The answer is: You are. A line item in the current New York State budget for precisely $15 million is to pay the Church Home arrears, according to several sources, though the line item doesn’t mention the Episcopal Church Home property, but only talks specifically about “payment of liabilities incurred prior to April 1, 2012…necessary for improvement of the Peace Bridge Plaza.”

Following Cuomo’s announcement, Artvoice had a piece in the April 12 issue about historical preservation and health issues regarding the expansion plan. The proposed plaza expansion would entail demolition of a number of houses along Busti Avenue, including the locally landmarked Col. Wilkinson home. The Episcopal Home Chapel, also locally landmarked, would not be demolished, according to a Public Bridge Authority spokesman.

The health issue has to do with a variety of studies revealing an alarming number of cases of asthma—and possibly other maladies—on the West Side of Buffalo, apparently due at least in part to diesel emissions from Peace Bridge truck traffic.

One of the things the Artvoice article pointed out was the apparent lack of interest on the part of cognizant elected officials about either the health issue or the preservation issue. How no politician seems to want to talk about any of it.

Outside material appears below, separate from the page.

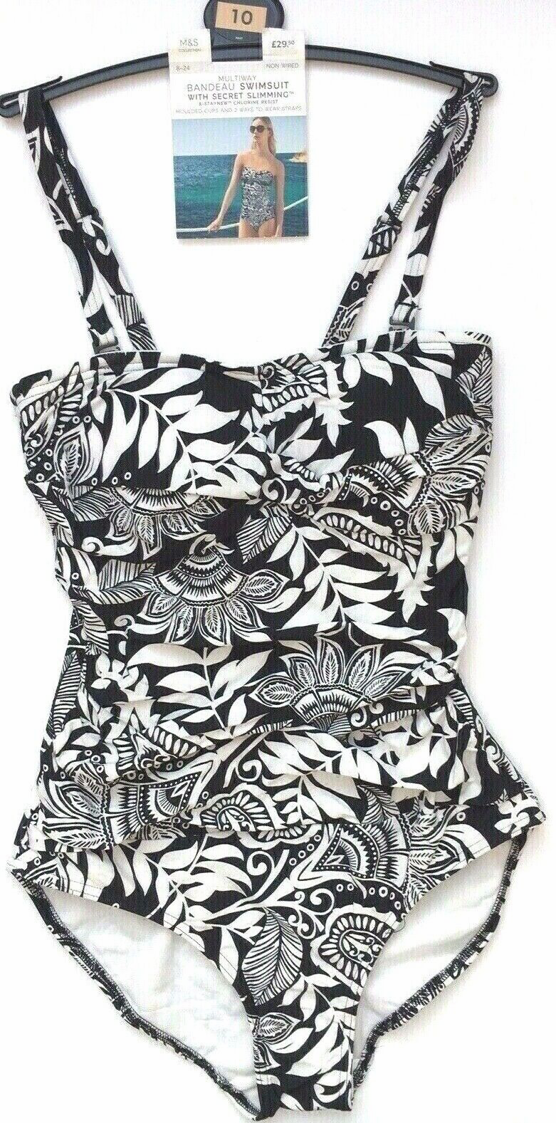 Marks & Spencer Multiway Bandeau Swimsuit Secret Slimming UK 10 BNWT

So when after a week following the article still none of the elected officials had offered any comment, we asked each elected official whose representational territory includes the area around the Peace Bridge, individually, in writing, to please comment, particularly on the health matter, but also on the preservation matter. Still, three weeks later, not one of them has said a word. Not Governor Cuomo, not Senator Schumer or Senator Gillibrand, not Congressman Higgins, not State Senator Kennedy, not Assemblyman Ryan, not Mayor Brown, not Councilman Rivera.